Other apps that come preinstalled include Music Server for streaming audio, Surveillance Server for connecting IP cameras, and WebAccess for accessing files remotely via a web browser. Buffalo provides SDKs and APIs for developing custom apps as well. Many 3rd party apps are also available such as Plex, WordPress, phpMyAdmin, and more.

Remote Access

One of the main benefits of a Buffalo LinkStation NAS is the ability to access your files remotely from anywhere in the world. There are a few methods for enabling remote access:


DDNS (Dynamic DNS) allows you to access your LinkStation remotely using a custom hostname instead of an IP address. This is useful because most home internet connections have a dynamic IP address that changes periodically. To set up DDNS, you’ll need to create an account with a DDNS service like No-IP or DynDNS, and enter your credentials in the LinkStation DDNS settings. This will sync your hostname with your frequently changing IP address.1

Port Forwarding

You’ll need to forward ports 80 and 443 on your router to your LinkStation’s IP address. This allows incoming remote connections to be directed to your NAS. Refer to your router’s manual for instructions on port forwarding.2


Setting up a VPN (Virtual Private Network) connection allows you to securely access your LinkStation remotely as if you were on the local network. Popular VPN protocols like OpenVPN or L2TP/IPSec can be configured on the LinkStation. VPN setup requires installing VPN client software on your remote devices.3


Common issues experienced with LinkStation NAS devices include connectivity problems, not being able to access shared folders, and performance slowdowns. Here are some troubleshooting tips to try:

If you are unable to connect to the LinkStation from your computer, first check that the LinkStation is powered on and connected to your network. Verify that the LED lights on the front are lit up as expected. If the LinkStation is on a different network segment, make sure any routers and switches in between can route traffic to the IP address of the LinkStation.

You may need to reset the admin password if you forgot it. This can be done by pressing the reset button on the back of the unit for 3-5 seconds until the status LED blinks, then logging in with the default admin credentials. See the LinkStation mini manual for reference.

Check that the proper ports are open on your firewall, especially port 80 for web access and ports used for file sharing protocols. Refer to the LinkStation manual for the default ports.
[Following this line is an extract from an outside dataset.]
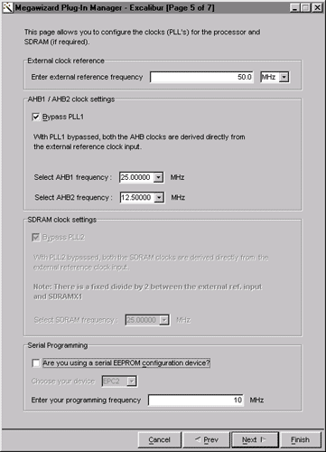 | Serial Programming | Turn off Are you using a serial EEPROM configuration device?. Make sure 10 is specified in the Enter your programming frequency box. |

Slow transfer speeds are often caused by misconfigured network settings. Make sure the LinkStation and connecting devices have proper IP addresses, the subnet mask matches, and the switch port is negotiating the correct speed/duplex. Testing with a network cable instead of WiFi can narrow down where the issue is.

If a particular share is not accessible, check that the user account has been granted permissions to that folder in the LinkStation’s access settings. Also verify that any third party security software is not blocking access.